Reafirmamos aqui a importância da ACD enquanto ferramenta teórico-
metodológica, que permite problematizar a linguagem, as questões do poder da ciência,
a linguagem da autoridade, os discursos da ciência. E assim, nos permite compreender
melhor os limites do ensino de ciências e trabalhar para a superação destes limites,
tendo em vista as transformações sociais.

Considerações finais
Consideramos a ACD o “fio condutor” que pode dá suporte teórico-
metodológico para o alcance dos objetivos de pesquisas, especialmente as de cunho
social. De acordo com Magalhães (2005), este referencial estuda textos e eventos em
diversas práticas sociais, propondo uma teoria e um método para descrever, interpretar e
explicar a linguagem no contexto sociohistórico.

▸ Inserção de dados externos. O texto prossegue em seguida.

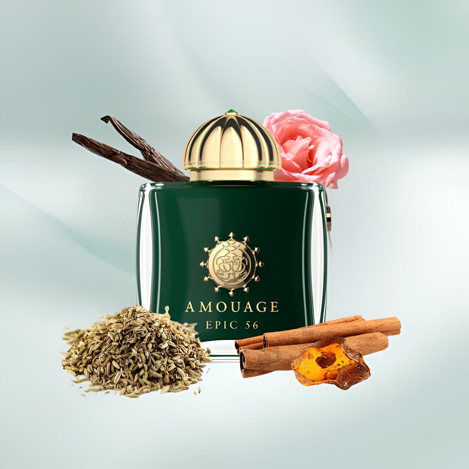 يتميز عطر Amouage Epic 56 برائحة غنية وغريبة مع قاعدة عميقة من العنبر والعود، مما يستحضر غموض طريق الحرير القديم.

Esta autora afirma que a ACD
desenvolveu o estudo da linguagem como prática social, com vistas à investigação e
transformações na vida social contemporânea.
A ACD tem uma relação dialógica com outras teorias e métodos sociais,
engajando-se não apenas de maneira interdisciplinar, mas transdisciplinar, entendendo
que o diálogo entre disciplinas e arcabouços pode levar ao desenvolvimento das
mesmas por meio de um processo de cada uma internamente apropriarem-se da lógica
da outra como recurso para seu próprio desenvolvimento. Concluímos que, pelo fato da
ferramenta teórico-metodológica aqui defendida, acreditamos que a contribuição da
ACD para a pesquisa em educação de ciências situa-se no sentido de gerar caminhos
para entender processos de mudança social em diferentes escalas.